Normal callus development in C. granulata. L=1.017", W= 0.752", H=0.451" (~2x mag.)

This proposition of calluses––present, absent, or inchoate––has genetic ramifications which are not within the scope of this analysis. A reexamination of several of the subject specimens (m) shows that the columellar callus can account for as much as ten percent of the width of the specimen. The labial callus can approach a similar amount. These are modest percentages; a fully mature C. granulata may have increased its width as much as 50% due to labial and columellar callusing. In the image at the right, cuts have been made that stop just short of the inner cavity of this cowry (the lower cut and the upper, right cut).

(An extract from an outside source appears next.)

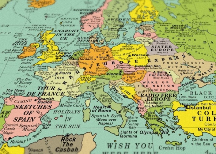Дизайнеры британской студии Dorothy маленько пофантазировав, обозначили страны и города названиями песен, на их взгляд, подходящими по смыслу для описания регионов. Так появилась ироничная музыкальная карта World Song Map.

The black lines indicate where the true length and width measurements reside.

A cut into the labial callus of a _ C. gaskoini (~10x mag.)

The columella of the same cowry. L=0.955", W=0.645", H=0.493"

Similar cuts were also made into a "transitional" C. gaskoini (at left) from the North Shore and an m specimen from Makua (lower right), neither of which was included in the above study because their length measurements are compromised. When comparing the depth of the cuts in these shells, bear in mind the m specimen is half the size of the North Shore "transitional" shell. Like the C. granulata, these cuts were immediately adjacent to the line of the width measurement and stopped just short of penetrating the inner cavity.

A Makua mb shell: L=0.498", W=0.357", H=0.279" (~5x mag.)

Finally, not all plots of the various proportions of these cowries have been included since this is a brief analysis, however, plots of the width-to-height ratio continue along the same lines as those shown here in that they too indicate distinctive differences between the Makua and North Shore populations. These other differences are not mathematically linked to those discussed above. The slope of a linear regression between the Q parameter and the W:H parameter is essentially zero (i.e., R² <0.001).